The First Principle: Reviews Catch Different Bugs Than Testing

The single biggest mistake I see in firmware teams is treating code review as a substitute for testing, or testing as a substitute for review. They catch different things:

What testing finds	What review finds
Logic errors, timing violations, edge cases in execution	Misunderstood APIs, wrong assumptions about hardware behaviour
Incorrect register values and bitfield masks	Register configuration that works but is not what the datasheet recommends for the use case
DMA descriptor chain corruption under load	DMA buffer layout that will be a maintenance nightmare in six months
Stack overflow from deep call chains	Missing `volatile` qualifiers on shared variables accessed by ISR and main loop

I have seen teams invest in elaborate hardware-in-the-loop test rigs while their code review consisted of a single "LGTM" comment from the most junior person on the team. And I have seen teams with mandatory two-person reviews on every commit to an internal-only test harness, while the bootloader that goes on ten thousand devices got a rubber stamp because "it was already reviewed in the prototype phase."

The fix is simple: match the review depth to the risk profile of the code, and never confuse process completion with quality assurance.

The Three-Tier Review Model

I use three tiers of review, applied based on the code's criticality:

Tier	When	Who	Depth
Tier 1 — Glance	Internal tools, test harnesses, build scripts, documentation	One person, any seniority (can be the author self-merging after 2 hours)	Check for obvious mistakes and naming. No style comments.
Tier 2 — Standard	Application logic, protocol implementations, new peripheral drivers	One person with domain knowledge, within 24 hours	Correctness, API design, concurrency assumptions, register-level sanity. Style only if it affects readability.
Tier 3 — Deep	Bootloaders, safety-critical modules, power management sequences, watchdog configurations	Two people: one domain expert, one architect/senior who did not work on the module	Line-by-line if needed. Walk through every state transition, every error path, every timing assumption. Document the review outcome in the commit message.

The key insight: most firmware code is Tier 2. Treating all code as Tier 3 burns out reviewers and slows the team to a crawl. Treating bootloader code as Tier 1 is how devices brick in the field.

I communicate this tiers model explicitly at the start of every engagement — in the contract or the project kick-off. The client pays for Tier 3 reviews on critical modules and Tier 2 on the rest. Everyone knows where the line is drawn, and nobody argues about "why this change needs two reviewers."

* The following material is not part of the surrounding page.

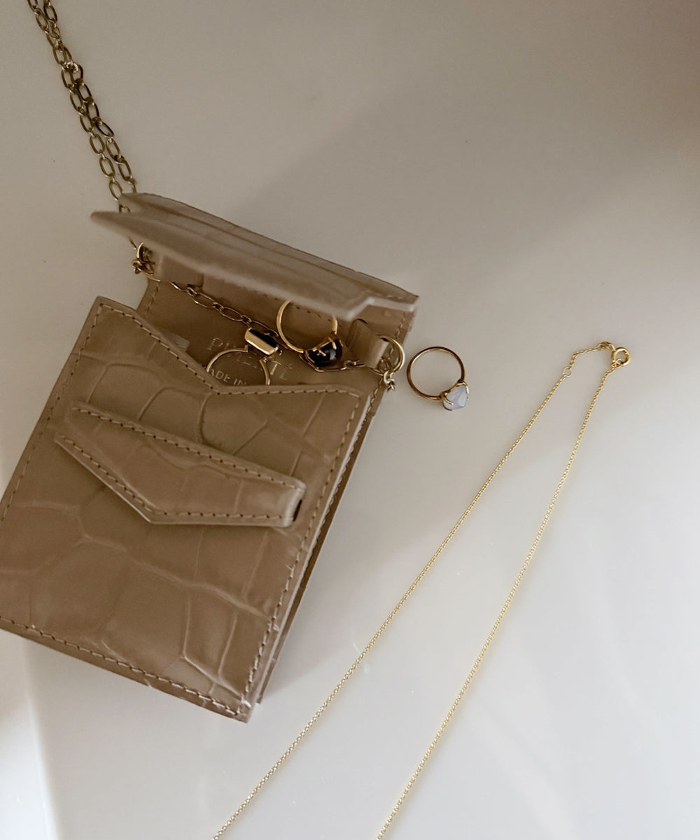 C:リング(13号)/リング(13号)/チェーンネックレス/マイクロバッグ(ベージュ)

The Anti-Patterns I Ban on Day One

These four patterns destroy the value of code reviews in firmware teams. I call them out in the first team meeting:

1. Style comments disguised as correctness concerns.
"Please rename i2c_transfer() to i2c_transfer_data() because it also transfers the address byte." — This is a style preference dressed up as pedantry. If the function works, is documented, and has a clear contract, let it go. Style debates in reviews are the single biggest time sink, and they disproportionately frustrate junior developers. Use a formatter (clang-format), set it in CI, and move on.

2. The "I would have done it differently" comment.
If the approach is correct, performant enough, and safe, the alternative implementation preference is not actionable. The reviewer should ask "does this approach have a correctness issue?" not "would I have written it this way?"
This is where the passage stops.